■ Extracted records ■
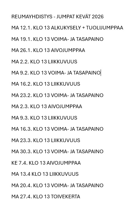 Kevään toimintaa löytyy Keikkakalenterista ja Jumppa ohjelmasta.
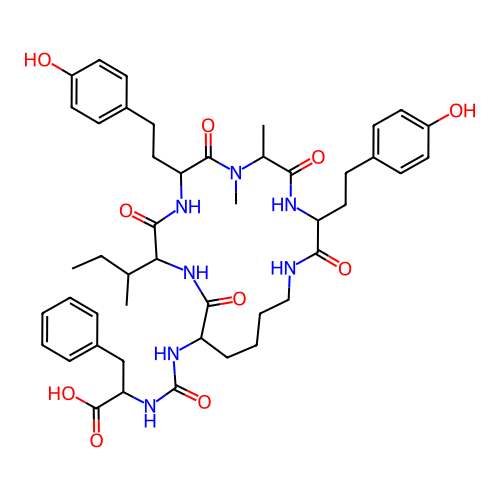 | SMILES | CCC(C)C1NC(=O)C(NC(=O)NC(CC2=CC=CC=C2)C(=O)O)CCCCNC(=O)C(CCC2=CC=C(O)C=C2)NC(=O)C(C)N(C)C(=O)C(CCC2=CC=C(O)C=C2)NC1=O |
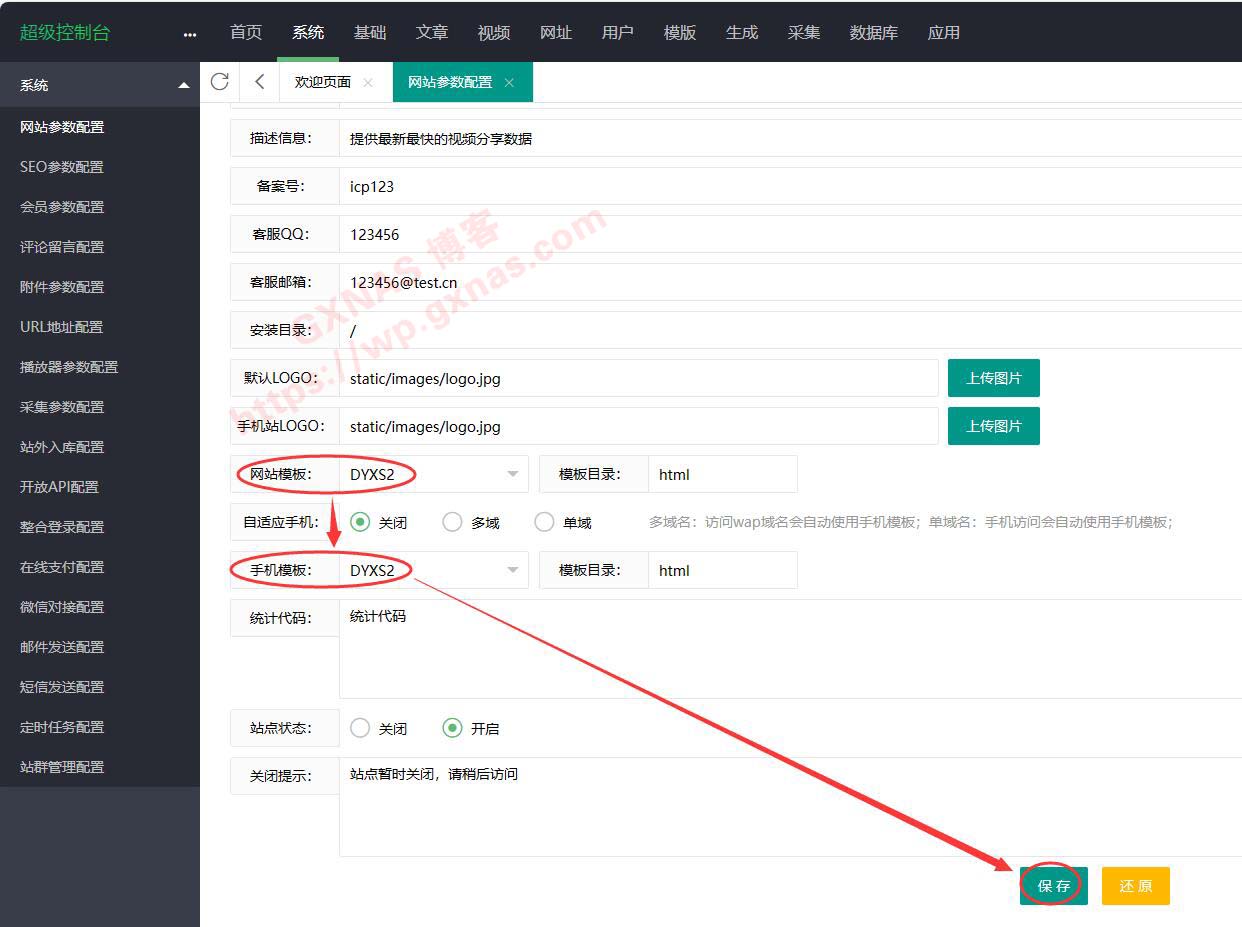 3、把网站模板和手机模板都改为“DYXS2”,其他的内容请按照自己实际情况进行设置,设置完成点“保存”;
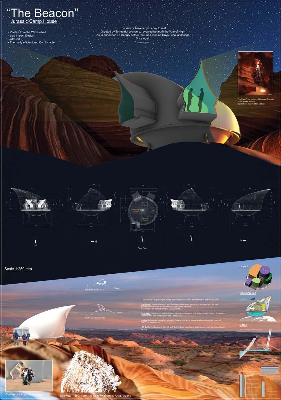 Theres, a broad spectrum of design competitions out there to choose from on an annual basis. The Special Media Topic coarse o ered In the third trimester 2020 required the participant to choose one. The trimester allowed, for choices outside of convention. Wanting to challenge myself to something ‘out side the box’, drew me to the ‘The Jurassic Space Camp, with a Poetic response’. Inspired by a stunning, Praia Canyon, Vermilion Cli s Wilderness Area setting in Arizona, USA, resulted In the free-form alien like interpretation to the left. This was a fun and interesting project, that re-iterates that we should always nd the joy in what we do and to take a break away from the serious from time to time, as enjoyment and creativity are important, and can bene t many aspects of your life.
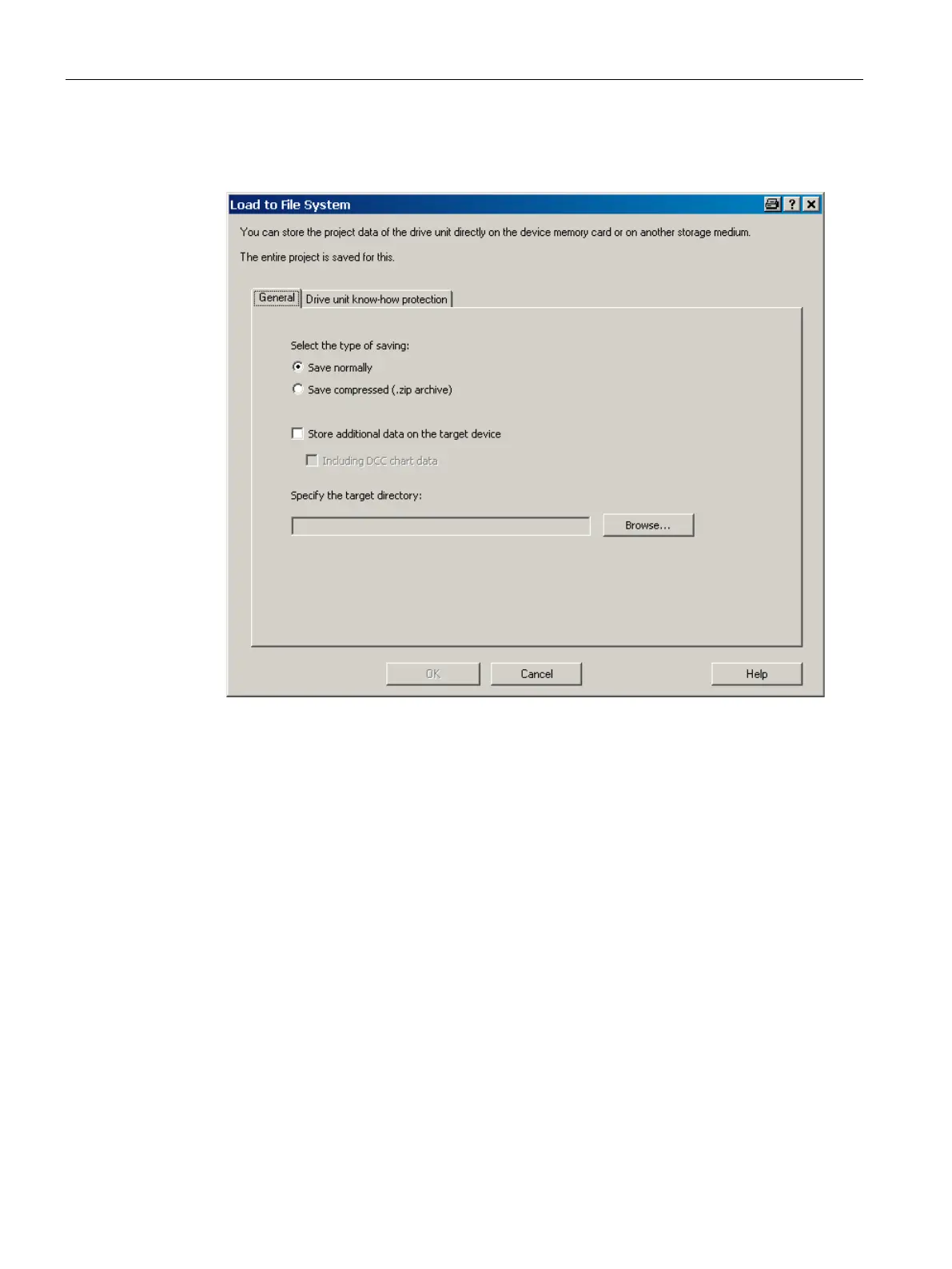 The "General" tab is displayed automatically when the dialog is called. The "Save normally"
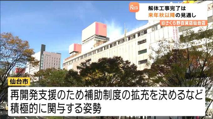 旧さくら野百貨店仙台店を巡っては土地と建物の大部分を保有する会社が跡地の再開発を白紙とし、建物解体後の土地利用が未定となっています。仙台市は再開発の支援のため、補助制度の拡充を決めるなど、積極的に関与していく姿勢を示しています。
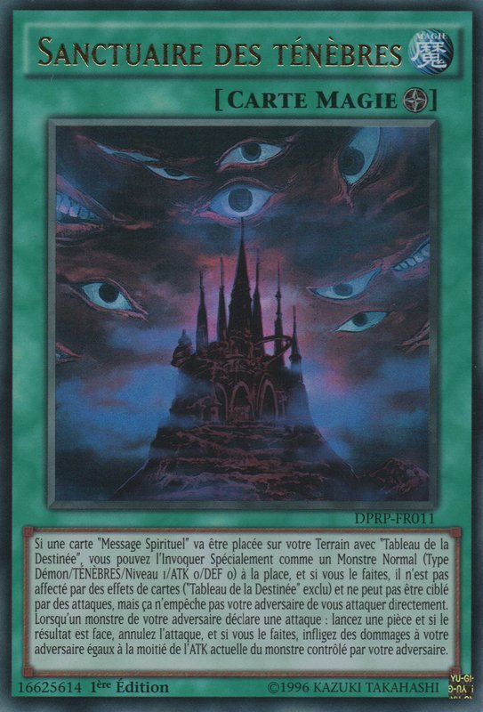 Si une carte "Message Spirituel" va être placée sur votre Terrain avec "Tableau de la Destinée", vous pouvez l'Invoquer Spécialement comme un Monstre Normal (Type Démon/TÉNÈBRES/Niveau 1/ATK 0/DEF 0) à la place, et si vous le faites, il n'est pas affecté par des effets de cartes ("Tableau de la Destinée" exclu) et ne peut pas être ciblé par des attaques, mais ça n'empêche pas votre adversaire de vous attaquer directement. Lorsqu'un monstre de votre adversaire déclare une attaque : lancez une pièce et si le résultat est face, annulez l'attaque, et si vous le faites, infligez des dommages à votre adversaire égaux à la moitié de l'ATK actuelle du monstre contrôlé par votre adversaire.
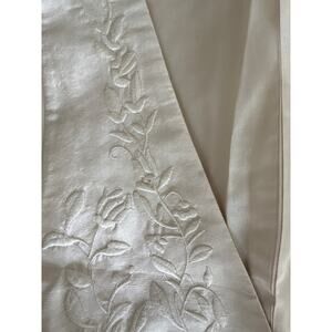 Vintage Ralph Lauren silk embroidered vest in soft ivory with tonal floral stitching and adjustable back tab. Tailored fit with full lining and classic button front. A rare heritage-style piece perfect for fall layering, vintage suiting, or holiday looks. The subtle sheen and delicate embroidery evoke equestrian and heritage influences seen in current preppy and academia trends. Small faint mark on the front—may lift with gentle cleaning. Pairs beautifully with velvet skirts, trousers, or over crisp blouses.
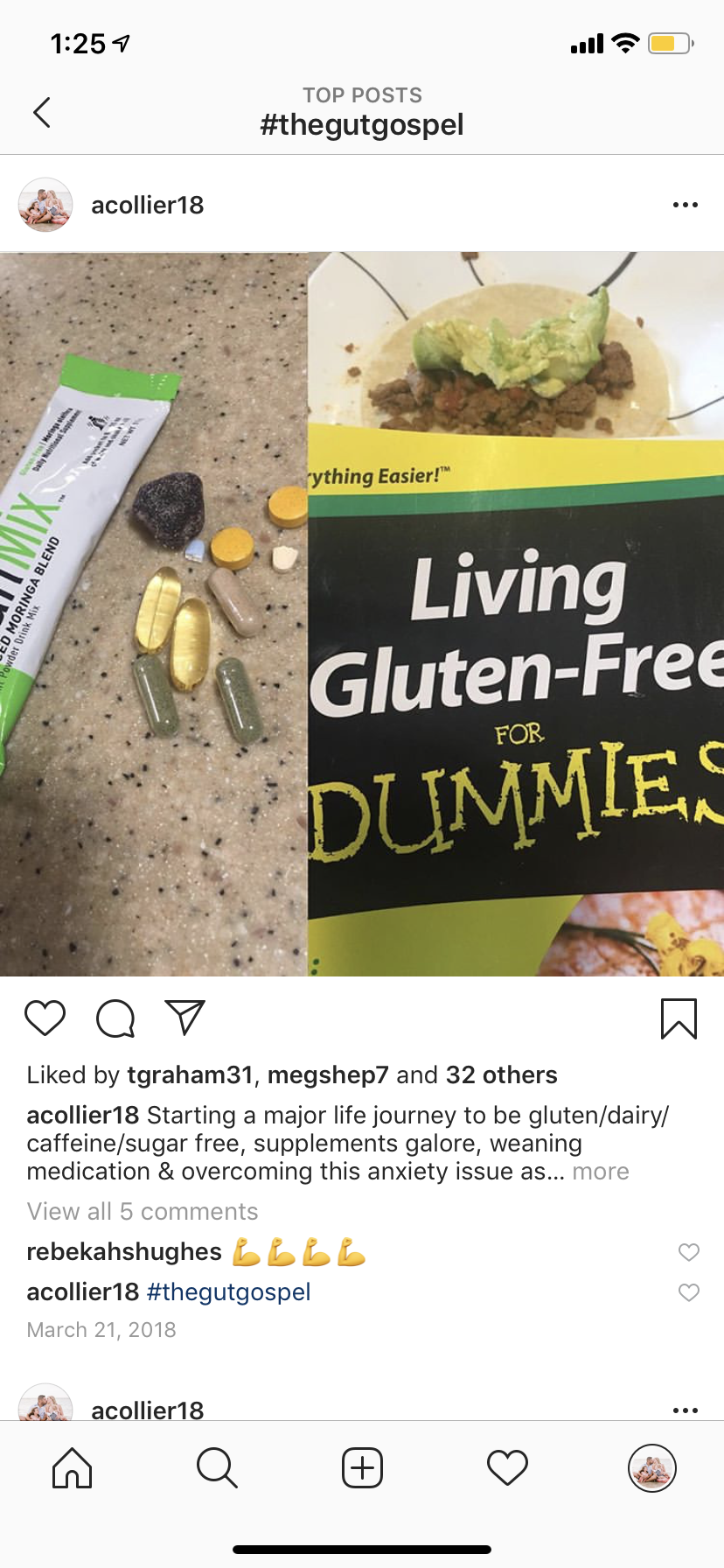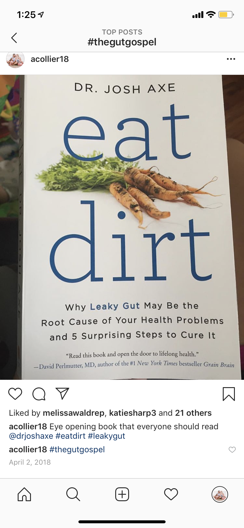 So, start with the gut type quiz and go from there. Read labels. Understand that you won’t starve! Focus on all the things you CAN eat, not what you can’t. Bring your own food or something to share to parties. Earth fare has amazing little GF/vegan cakes in their fridge section that are to die for. I would be happy to tell you any food options I can. I make a lot more from scratch now but when I first began it was to much. I plan to have more posts on my top ten go to’s for gut health, go to snacks, meals, cook books, people to follow on IG. The list goes on. But I have motherly duties calling so 2 posts in 2 days may be a miracle. My goal will be for weekly posts on the blog. I post on my instagram more frequently what I am eating or fitness activities. Follow the hashtag “the gut gospel” to make sure you don’t miss a post. But I am always a message away. In fact, if you take the gut type quiz, I would love to know what your result was. I had candida gut which was so obvious once I read about it. Dr. Axe’s book goes into detail of each type and gives specifics on foods, supplements, etc.

■ BRIEF ■
Your reply should consist solely of the lines above from the line containing "Si une carte" up to and including the line containing "Vintage Ralph Lauren", reproduced exactly, minus the pictures.

■ TASK SOLUTION ■
 Si une carte "Message Spirituel" va être placée sur votre Terrain avec "Tableau de la Destinée", vous pouvez l'Invoquer Spécialement comme un Monstre Normal (Type Démon/TÉNÈBRES/Niveau 1/ATK 0/DEF 0) à la place, et si vous le faites, il n'est pas affecté par des effets de cartes ("Tableau de la Destinée" exclu) et ne peut pas être ciblé par des attaques, mais ça n'empêche pas votre adversaire de vous attaquer directement. Lorsqu'un monstre de votre adversaire déclare une attaque : lancez une pièce et si le résultat est face, annulez l'attaque, et si vous le faites, infligez des dommages à votre adversaire égaux à la moitié de l'ATK actuelle du monstre contrôlé par votre adversaire.
 Vintage Ralph Lauren silk embroidered vest in soft ivory with tonal floral stitching and adjustable back tab. Tailored fit with full lining and classic button front. A rare heritage-style piece perfect for fall layering, vintage suiting, or holiday looks. The subtle sheen and delicate embroidery evoke equestrian and heritage influences seen in current preppy and academia trends. Small faint mark on the front—may lift with gentle cleaning. Pairs beautifully with velvet skirts, trousers, or over crisp blouses.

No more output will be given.